# AM Problem #19- Geotech 6 minute solutions



## Road Guy (Jul 8, 2006)

If anyone can do that problem in 6 minutes I will storm the governors mansion in your state and hold them all hostage until they give you an honary PE License :lol:

The "solution" is about 2 pages long.....


----------



## Brimstone (Jul 13, 2006)

Actually, it's not that bad. The solution is long because each resultant is broken down individually. Once you get the basics of retaining walls down, you could probably do it in 6 minutes.
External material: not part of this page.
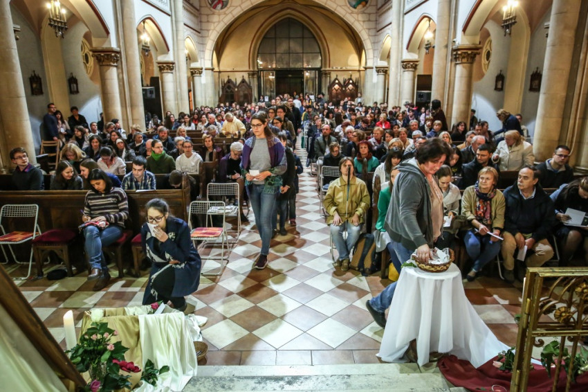 Idén két egymást követő napon, szeptember 29-én és 30-án is megtartottuk a Rózsaeső imaestet az Örökimádás-templomban. A kicsinek éppen nem mondható templomtér kétszer is teljesen megtelt. Miért az elnevezés: Rózsaeső imaest? Nem sokkal halála előtt Teréz így vigasztalta nővértársait: „Mennyországomat azzal fogom tölteni, hogy jót teszek a földön… meglátjátok, olyan lesz, mint egy rózsaeső.”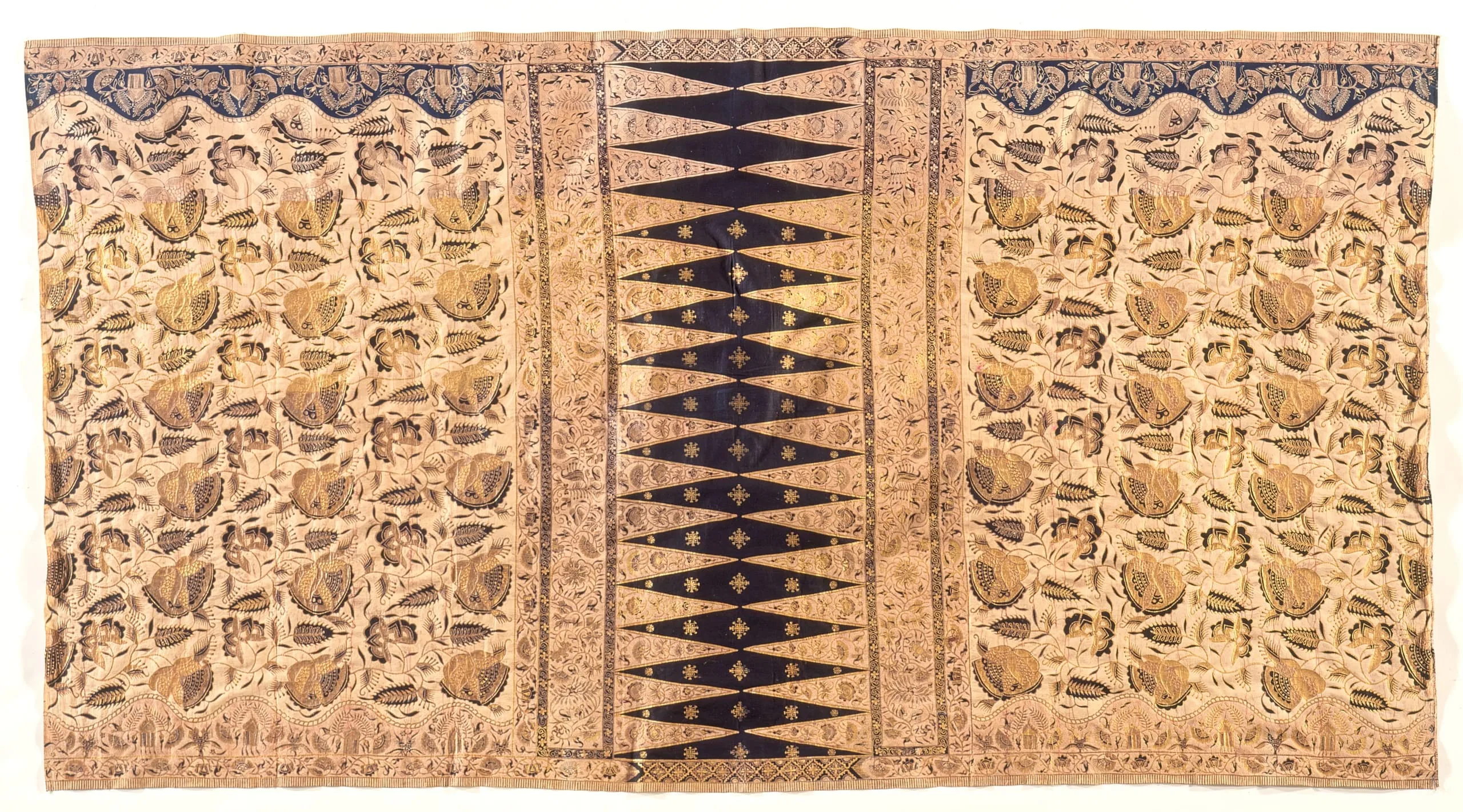 Like the previous examples of sumptuously gilded cloth, this probably was a wedding gift. The unusual amount of gold decoration and the choice for the more appropriate light border to remain visible at the lower, gilded edge suggest its use by a Peranakan bride. The kelengan (blue-and-cream) border as a covering for the lower body, that is, the womb, may well have been intended to impart protective properties. A second possibility is that the cloth was meant to be worn at festive occasions by a grandmother. Not only are the dark tones and predominantly old-fashioned style of the cloth appropriate for an elderly woman, the separate rows of fruits and flowers can also be seen as a metaphor for a grandmother’s position as the source for several successive generations.2

With a 2-layer retaining wall, I find it easier to quickly draw a pressure diagram with resultant forces. The equations and overturning moments are easier to management and crunching the numbers is faster.


----------



## Hill William (Jul 13, 2006)

Hey Brimstone, I think Roadguy needs directions to your state's capital


----------



## Road Guy (Jul 13, 2006)

he said "probably" do it in 6 minutes...

but just in case, where do you live?


----------



## Brimstone (Jul 13, 2006)

Just a few states over to the west from you in Mississippi. So I can expect you sometime tomorrow?


----------



## EdinNO (Jul 13, 2006)

Mississippi? :dunno:

Y'all got y'all some engineers over dere? All I see in Missippi are trees, beaches and casinos. What y'all engineer over dere? 

Just kidding around. Like I have room to talk being from Lousy-Anna!  :thumbsup:

Since we are practically "homies" I figured its OK toi mess with ya. But don't let none of them yankees talk like this to ya! 

Ed


----------